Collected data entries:
* * *
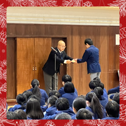 まずはじめに、2学期に行った赤い羽根募金や、冬季休業中の部活動(卓球部・ソフトボール部)の賞状伝達が行われました。
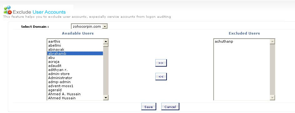 Diese Funktion hilft Ihnen, Benutzerkonten, insbesondere Dienstkonten, von der Anmeldeüberwachung auszuschließen. Diese Konten beanspruchen eine große Menge Speicherplatz in der Datenbank und Warnungen von diesen Konten erweisen sich als Zeitverschwendung für Administratoren.
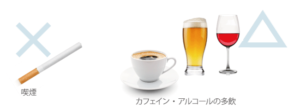 スナック菓子、インスタント食品の頻繁な摂取、アルコールの多飲、カフェインを多く含むコーヒーの多飲、タバコ
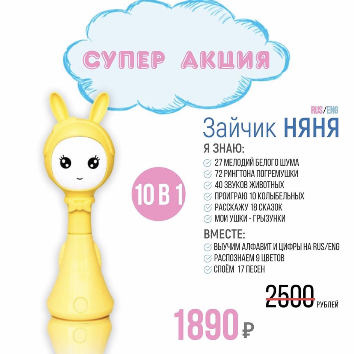 ШОК ЦЕНА😱 Зайчик Няня 10в1 всего за 1890₽ (вместо 2500₽)♨️Экономия 610₽☑ Дешевле не будет🙅🏻♂
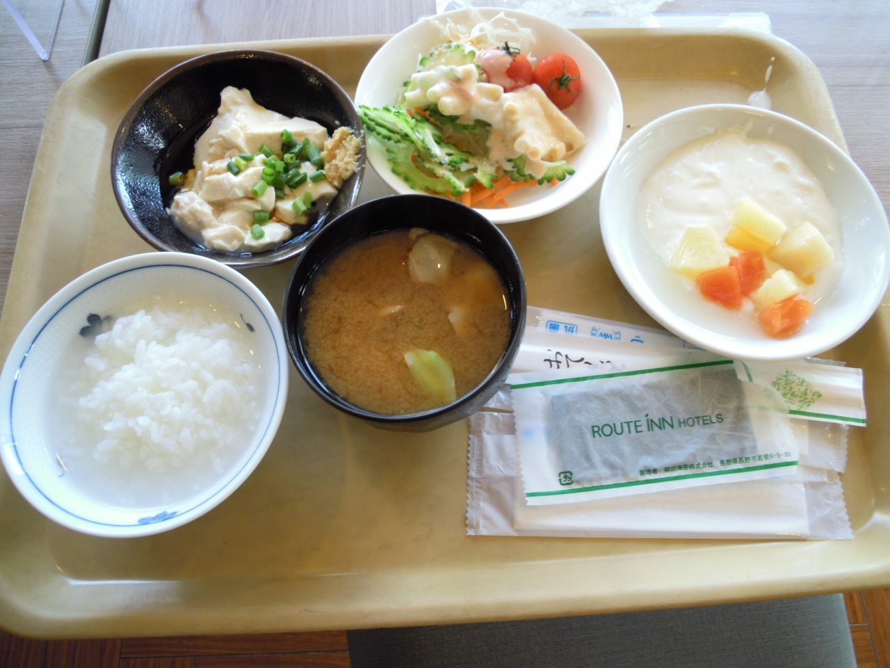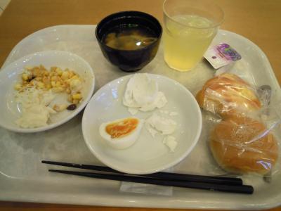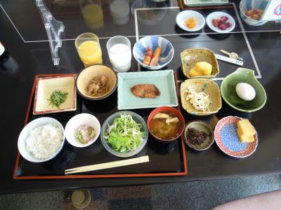 朝食はおにぎり、各種パン、サラダ、スープ、コーヒー等、すぐ近くにコンビニがあって買い出しにも便利。駐車料金1泊1000円。- 旅行時期
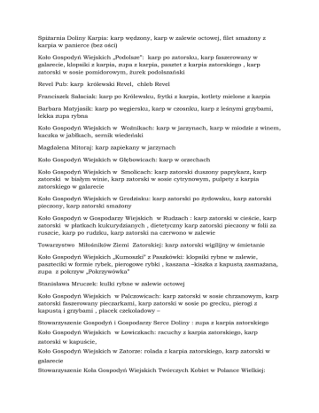 Spiżarnia Doliny Karpia: karp wędzony, karp w zalewie octowej, filet smażony z karpia w panierce (bez ości) Koło Gospodyń Wiejskich „Podolsze”: karp po zatorsku, karp faszerowany w galarecie, klopsiki z karpia, zupa z karpia, pasztet z karpia zatorskiego , karp zatorski w sosie pomidorowym, żurek podolszański Revel Pub: karp królewski Revel, chleb Revel Franciszek Sałaciak: karp po Królewsku, frytki z karpia, kotlety mielone z karpia Barbara Matyjasik: karp po węgiersku, karp w czosnku, karp z leśnymi grzybami, lekka zupa rybna Koło Gospodyń Wiejskich w Woźnikach: karp w jarzynach, karp w miodzie z winem, kaczka w jabłkach, sernik wiedeński Magdalena Mitoraj: karp zapiekany w jarzynach Koło Gospodyń Wiejskich w Głębowicach: karp w orzechach Koło Gospodyń Wiejskich w Smolicach: karp zatorski duszony paprykarz, karp zatorski w białym winie, karp zatorski w sosie cytrynowym, pulpety z karpia zatorskiego w galarecie Koło Gospodyń Wiejskich w Grodzisku: karp zatorski po żydowsku, karp zatorski pieczony, karp zatorski smażony Koło Gospodyń w Gospodarzy Wiejskich w Rudzach : karp zatorski w cieście, karp zatorski w płatkach kukurydzianych , dietetyczny karp zatorski pieczony w folii za ruszcie, karp po rudzku, karp zatorski na czerwono w zalewie Towarzystwo Miłośników Ziemi Zatorskiej: karp zatorski wigilijny w śmietanie Koło Gospodyń Wiejskich „Kumoszki” z Paszkówki: klopsiki rybne w zalewie, paszteciki w formie rybek, pierogowe rybki , kaszana –kiszka z kapustą zasmażaną, zupa z pokrzyw „Pokrzywówka” Stanisława Mruczek: kulki rybne w zalewie octowej Koło Gospodyń Wiejskich w Palczowicach: karp zatorski w sosie chrzanowym, karp zatorski faszerowany pieczarkami, karp zatorski w sosie po grecku, pierogi z kapustą i grzybami , placek czekoladowy – Stowarzyszenie Gospodyń i Gospodarzy Serce Doliny : zupa z karpia zatorskiego Koło Gospodyń Wiejskich w Łowiczkach: racuchy z karpia zatorskiego, karp zatorski w kapuście, Koło Gospodyń Wiejskich w Zatorze: rolada z karpia zatorskiego, karp zatorski w galarecie Stowarzyszenie Koła Gospodyń Wiejskich Twórczych Kobiet w Polance Wielkiej: prażonki polańskie, chrzan na każdą okazję, kapusta wigilijna, makowiec polański Janina Koterwas: sernik królewski Koło Gospodyn Wiejskich Zygodowice: chrzanówka na maślance po zygodowsku Koło Gospodyń Wiejskich w Sosnowicach: chrzanówka wielkanocna Koło Gospodyn Wiejskich „Wyźrał” : groch z kapustą Koło Gospodyń Wiejskich „Bachowice”: grzybianka z borowików Stowarzyszenie Integracyjne Wspólna Sprawa w Osieku: kapusta z wieprzowiną Zespół Szkół Rolnicze Centrum Kształcenia Ustawicznego im. Jana Pawła II w Radoczy: szarlotka Koło Gospodyń Wiejskich w Przeciszowie: żur po przeciszowsku na zakwasie z ciasta chlebowego – Maria Bałys: kluski kartoflane, raczuchy z manną
* * *
Set down again, word for word, every line from the one with "スナック菓子、インスタント食" to the one with "朝食はおにぎり、各種パン、サ" in the entries above, and omit the pictures.

 スナック菓子、インスタント食品の頻繁な摂取、アルコールの多飲、カフェインを多く含むコーヒーの多飲、タバコ
 ШОК ЦЕНА😱 Зайчик Няня 10в1 всего за 1890₽ (вместо 2500₽)♨️Экономия 610₽☑ Дешевле не будет🙅🏻♂
 朝食はおにぎり、各種パン、サラダ、スープ、コーヒー等、すぐ近くにコンビニがあって買い出しにも便利。駐車料金1泊1000円。- 旅行時期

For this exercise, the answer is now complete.